Start of INFORMATION SUPPLIED
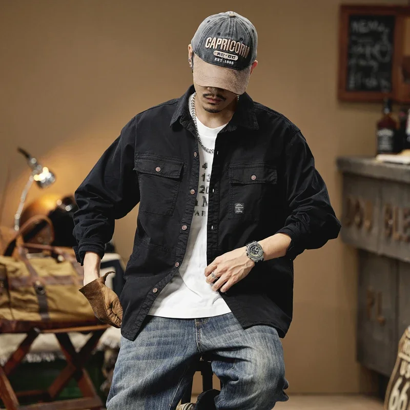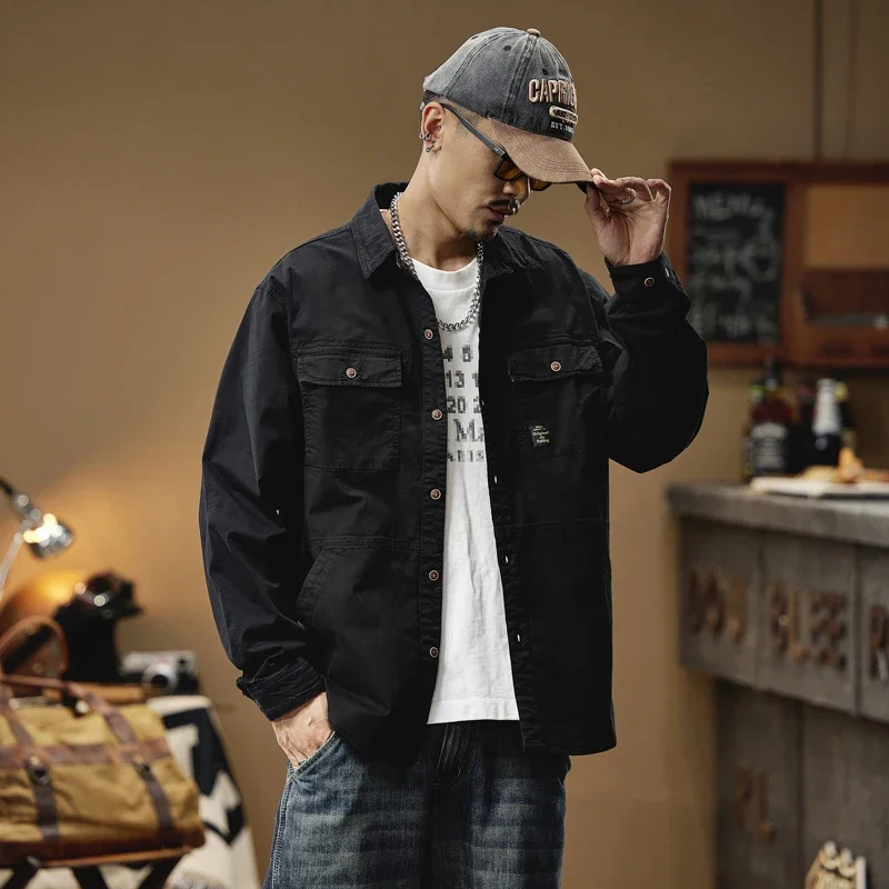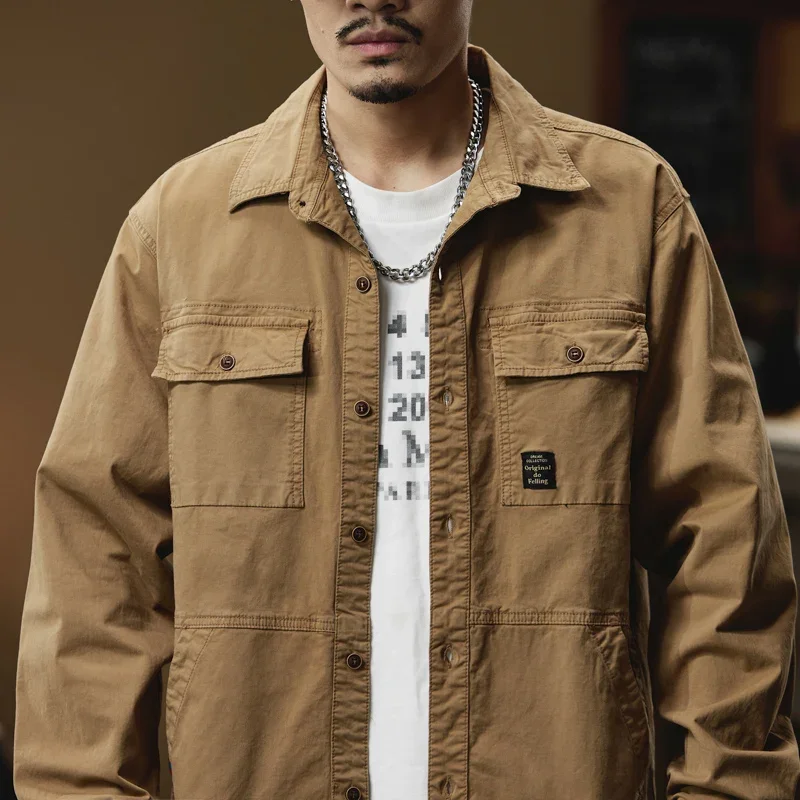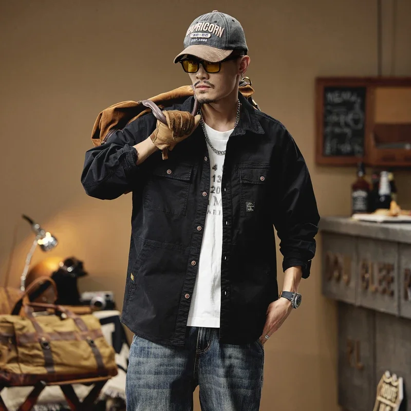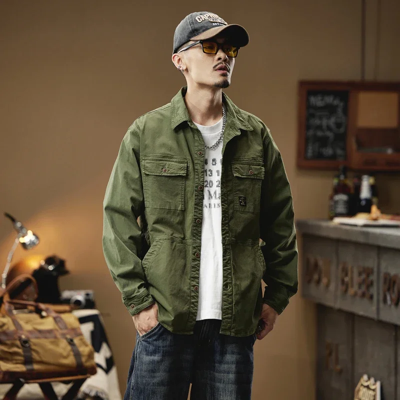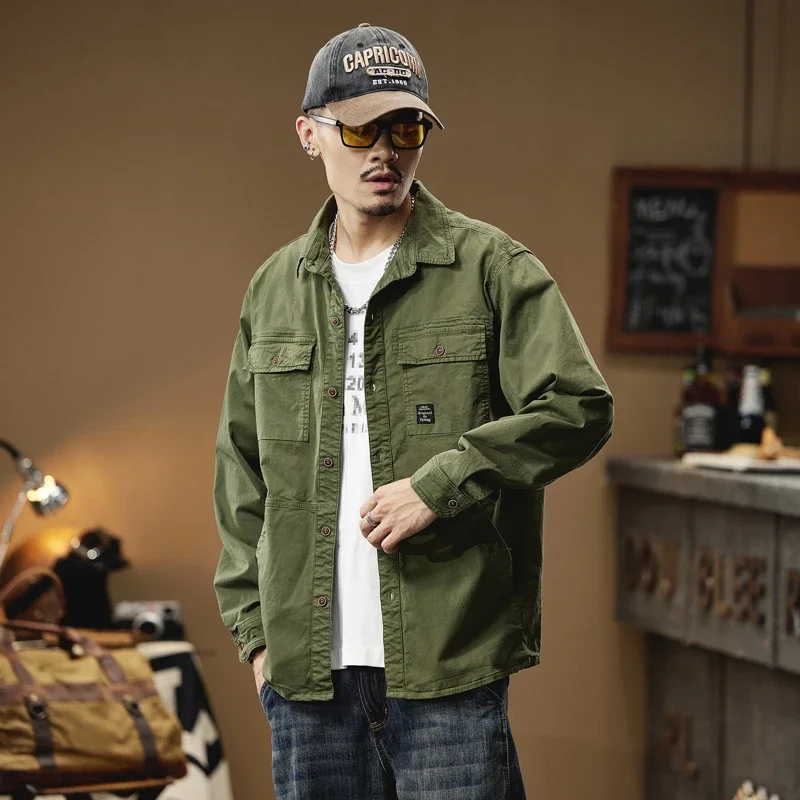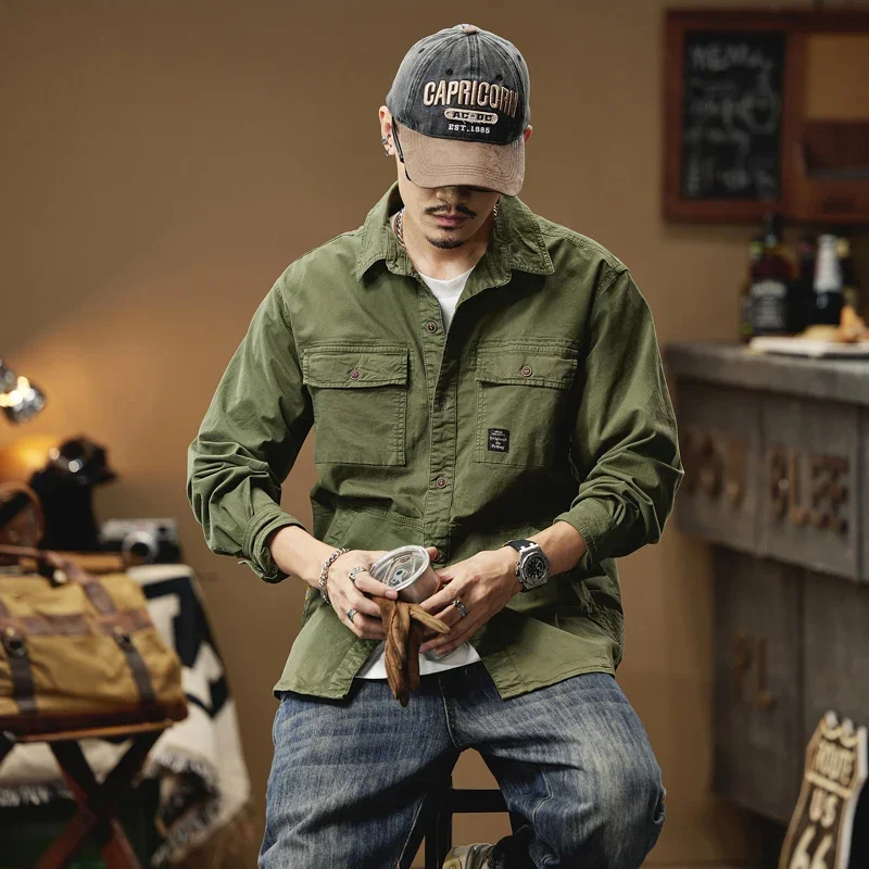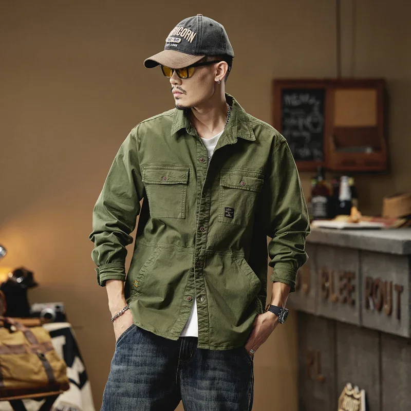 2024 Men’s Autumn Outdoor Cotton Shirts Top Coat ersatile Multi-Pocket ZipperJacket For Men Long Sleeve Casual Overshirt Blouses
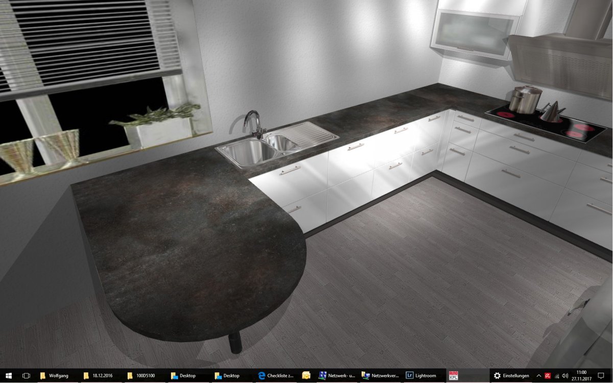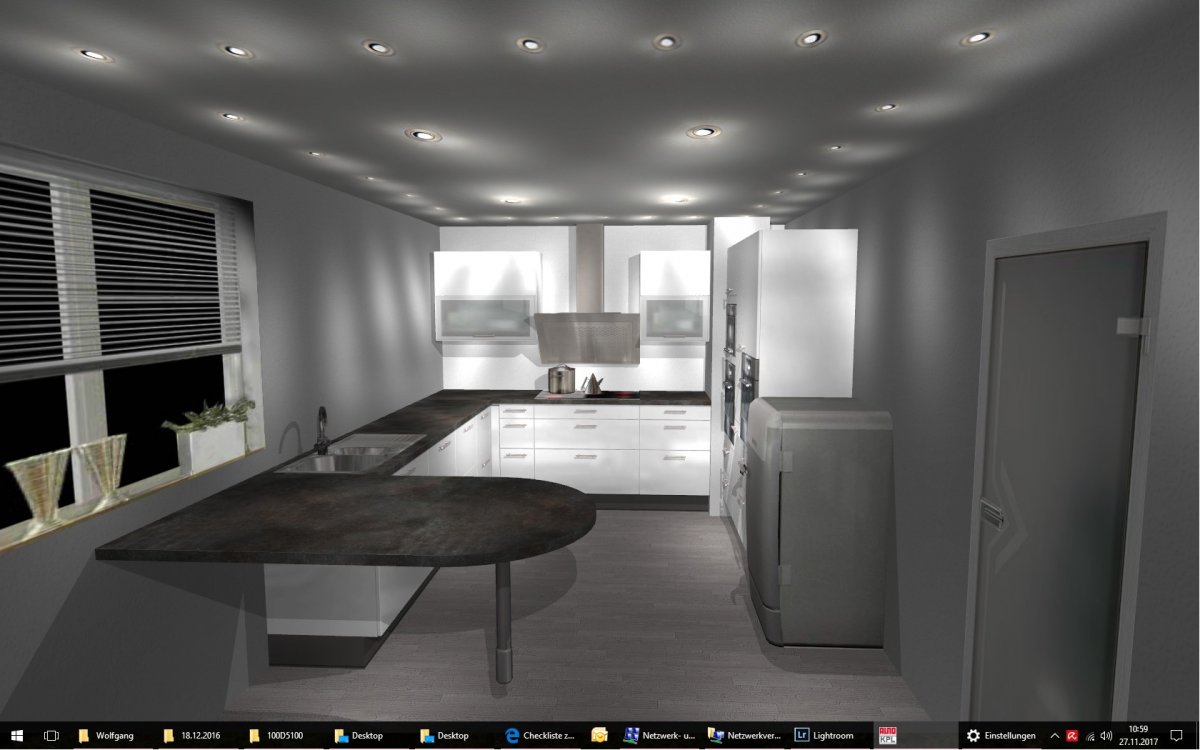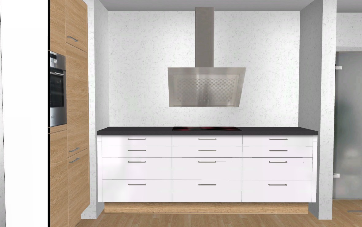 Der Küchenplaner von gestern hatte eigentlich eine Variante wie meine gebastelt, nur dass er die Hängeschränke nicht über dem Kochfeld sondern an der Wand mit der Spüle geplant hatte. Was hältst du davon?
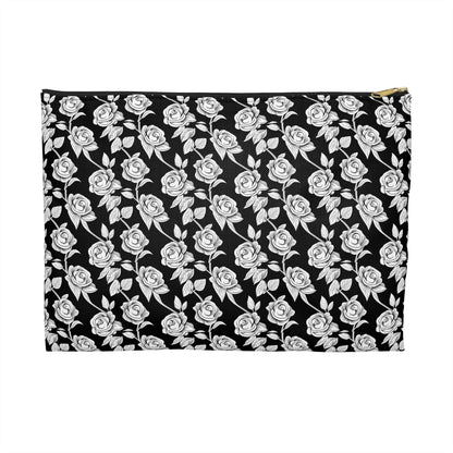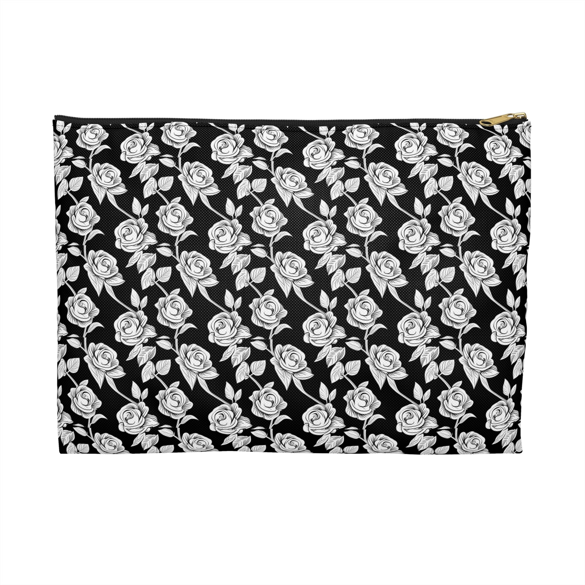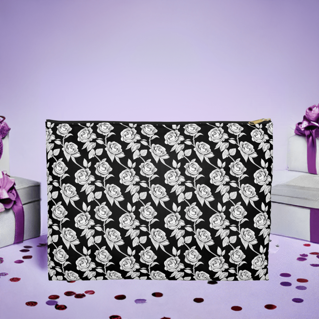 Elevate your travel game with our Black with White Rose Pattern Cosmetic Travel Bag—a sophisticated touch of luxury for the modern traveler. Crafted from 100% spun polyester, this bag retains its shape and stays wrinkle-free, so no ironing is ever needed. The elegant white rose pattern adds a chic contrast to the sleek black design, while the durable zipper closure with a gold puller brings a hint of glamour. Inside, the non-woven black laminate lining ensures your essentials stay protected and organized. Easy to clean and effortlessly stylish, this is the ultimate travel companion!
End of INFORMATION SUPPLIED
#### TASK PROMPT:
Up to and including the line with "Der Küchenplaner von", copy the data above from its first line. Skip pictures.

#### PROBLEM SOLUTION:
 2024 Men’s Autumn Outdoor Cotton Shirts Top Coat ersatile Multi-Pocket ZipperJacket For Men Long Sleeve Casual Overshirt Blouses
 Der Küchenplaner von gestern hatte eigentlich eine Variante wie meine gebastelt, nur dass er die Hängeschränke nicht über dem Kochfeld sondern an der Wand mit der Spüle geplant hatte. Was hältst du davon?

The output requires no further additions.